Under new leadership, sweeping reforms and financial aid is falling short of turning the country’s fortunes around
Charges laid against a white farmer for refusing to hand over his estate to a black politician’s son demonstrates that Zimbabwe’s new leadership is struggling to enforce the reforms needed to turn the country’s fortunes around.
In late May, Swiss national Richard Le Vieux, who ran a successful coffee, avocado and macadamia nut export business for three decades, appeared in court in the Chipinge district, charged with refusing to vacate part of his Farfell coffee estate.
Under former President Robert Mugabe, Zimbabwe enacted laws to allow black people to claim farms owned by whites. However, Mr Mugabe was ousted in 2017, and his successor Emmerson Mnangagwa promised to end evictions and compensate affected farmers, as part of his drive to attract investors with the promise that “Zimbabwe is open for business”.
Eighteen months has passed since the coup that unseated Mr Mugabe took place, and Zimbabwe’s efforts to re-invent itself appear to be coming unstuck. The arrest of Mr Le Vieux comes at the worst possible time for the country.
“This absolutely makes me angry,” says Vince Musewe, an economist at Manicaland Capital Partners in eastern Zimbabwe. “I am busy trying to promote investment and this happens. And of course it increases perceived country risk.”
This year, Zimbabwe has seen its worst maize harvest in a decade, leaving up to 5 million people facing hunger. A devastating cyclone plunged large swathes of land underwater in the eastern part of the country in March. Before that, a drought had delayed crop planting.
At the same time, many of the once-thriving commercial farms are under-utilised, occupied by subsistence farmers who struggle to produce commercial quantities of crops for resale. As part of Zimbabwe’s attempt to revive its agricultural sector, the government pledged to pay reparations to evicted white farmers, those in financial straits and the elderly, to help them get back on their feet.
The government estimates it will pay out $3 billion, although the Commercial Farmers Union puts the figure at closer to $10bn. The two sides are still negotiating the final number.
Payment to those in financial difficulty has also begun, finance minister Mthuli Ncube said in a statement last week, with 737 farmers registered.
However, as the warrant issued against Mr Le Vieux indicates, not everyone in the Zimbabwean ruling elite is on board with reversing the Mugabe-era land policy.
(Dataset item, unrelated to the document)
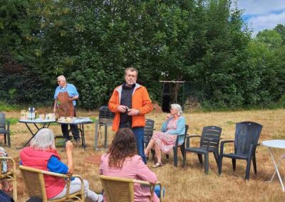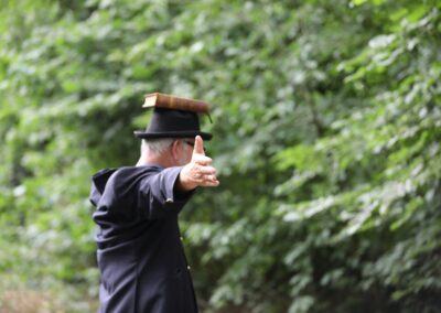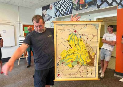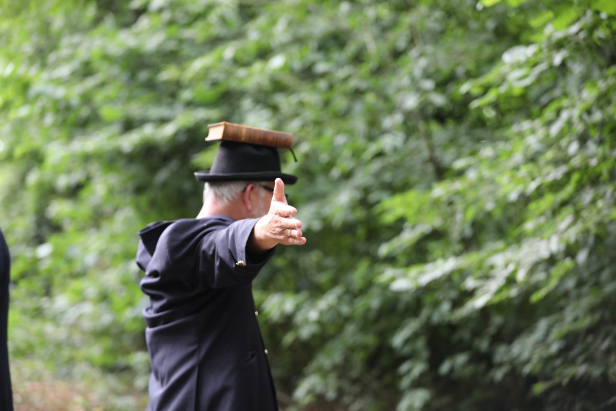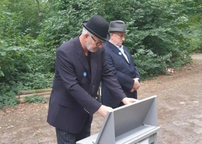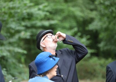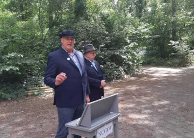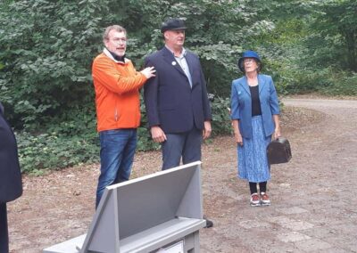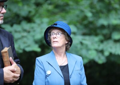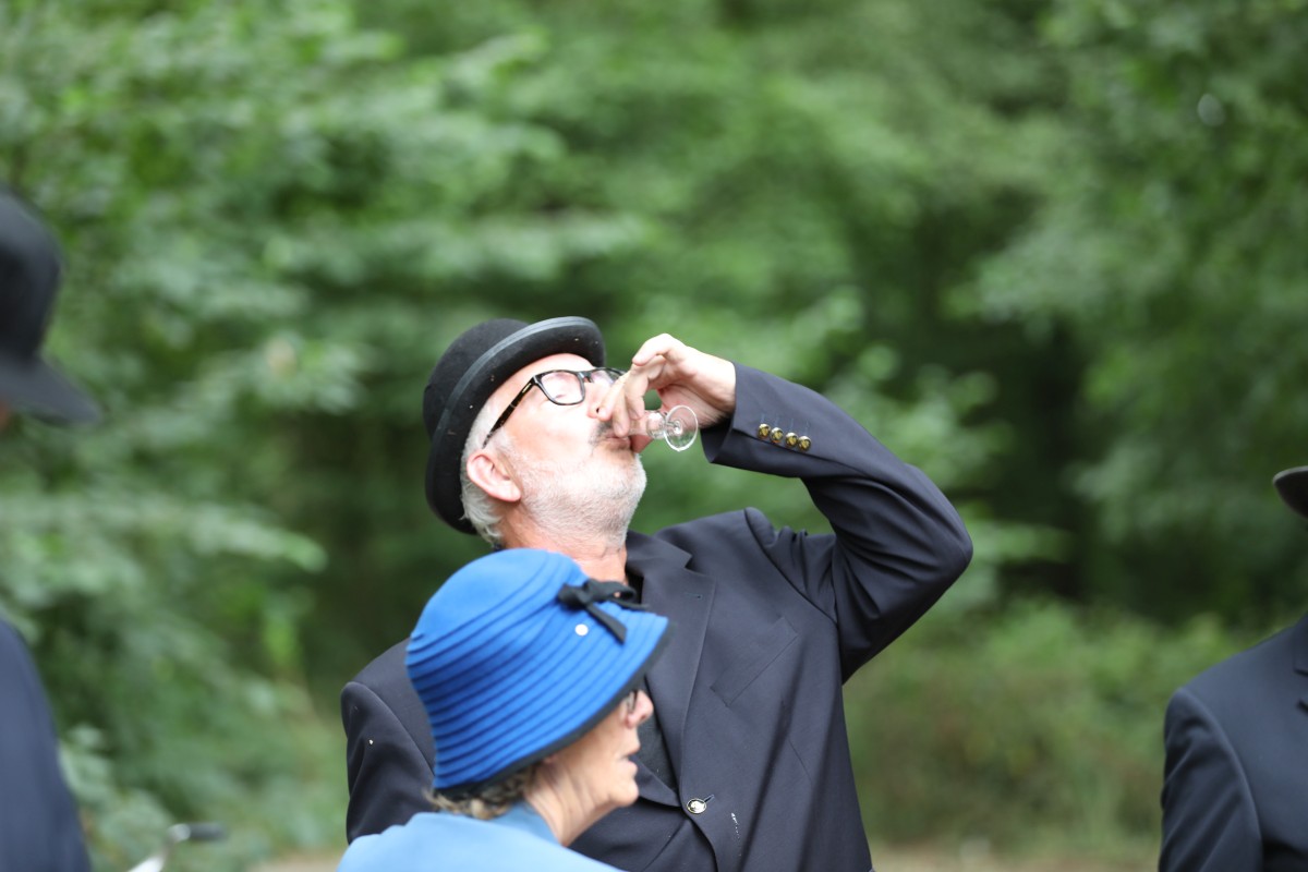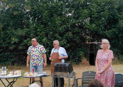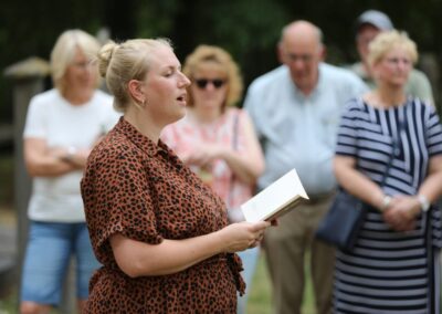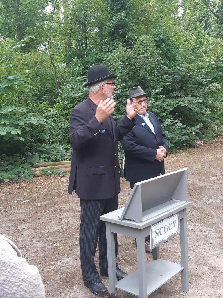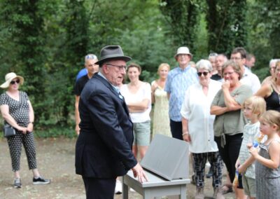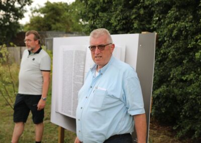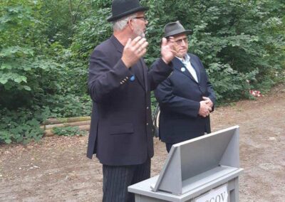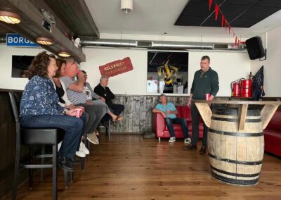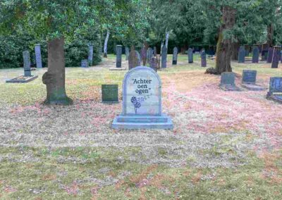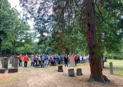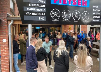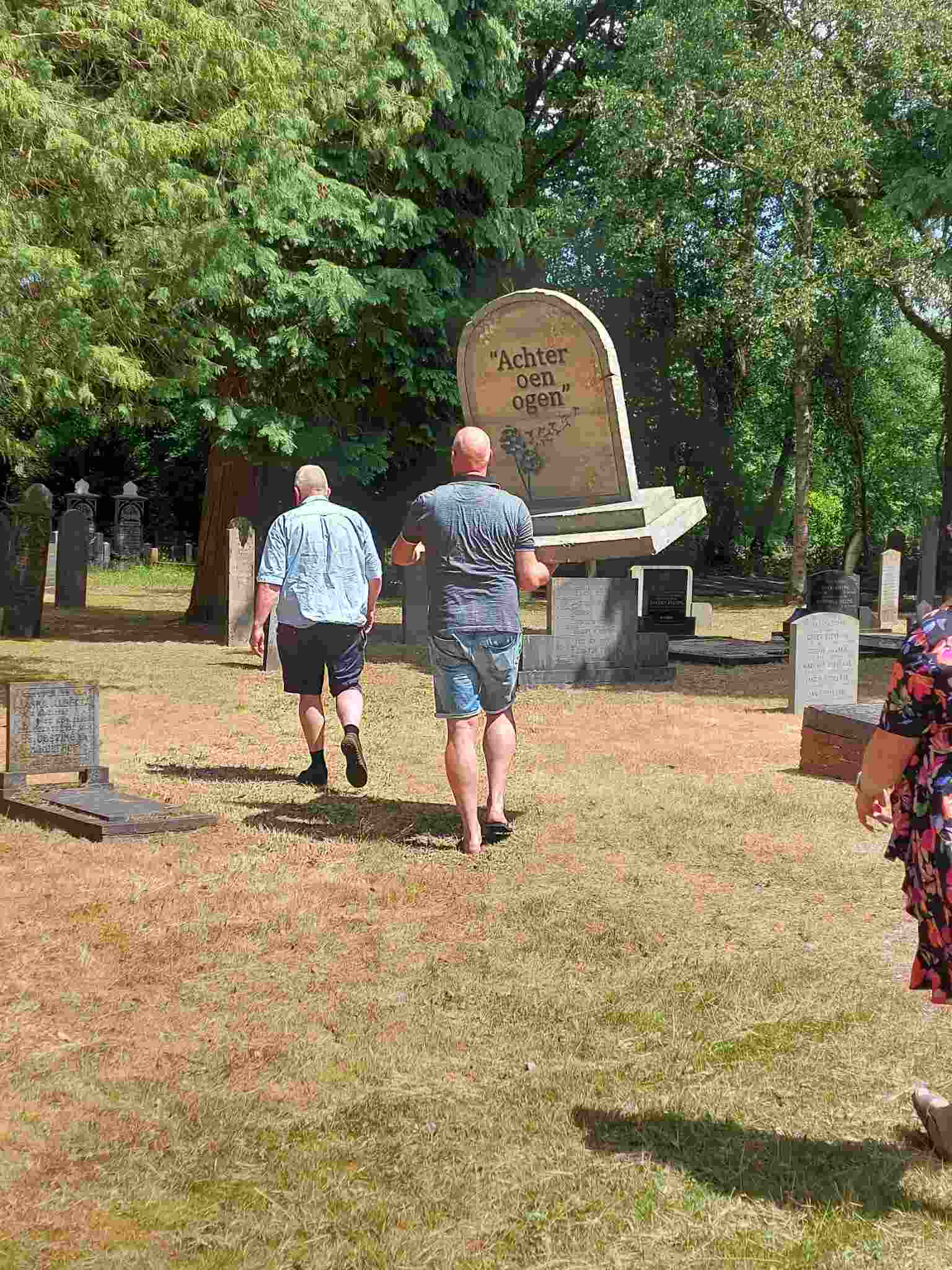Deze Opdegribbelgrab was een tocht van maximaal 2 km en onderweg namen wij het publiek mee in sketches, poëzie en historische bijzonderheden. De route liep vanaf Egberts Fietsen via het Esdal College, het Padenbos, de begraafplaats, de tuin van Lammie Joling, de tuin van Peter Jan Eleveld en Ayolt van der Kamp, de voormalige gemeentewerf (met de tradionele Opdegribbelgrab-borrel), de tuin van familie de Vries en de tuin van familie Ties. Via het achterom bij Egberts Fietsen gingen we daarna naar de Esdal College (voormalige MAVO/MULO/ULO).

World Farming Organisation president Theo de Jager says even compensation payouts are facing opposition within the ruling Zanu-PF party.
“White farmers who were expropriated without compensation in Zimbabwe have high hopes to receive the first interim compensation this week, but apparently some government officials are still trying to block it,” he said.
Making peace with the farmers is not only about bringing stability to agriculture – it is also about ending targeted sanctions on the country. Currently, the US, in particular, maintains a list of senior government officials that cannot do business – or travel to – the US.
Targeted sanctions were introduced in the early 2000s, when Grace Mugabe notoriously would regularly commandeer aircraft from the state airline, Air Zimbabwe, to jet off to London and go for marathon shopping sprees at Harrods.
The Mugabes were barred from the US and Europe, as were senior Zanu PF officials. Among them was Mr Mnangagwa himself. In the years since, Zanu PF leaders have used the sanctions to muddy debate, blaming them for the country’s poor financial health.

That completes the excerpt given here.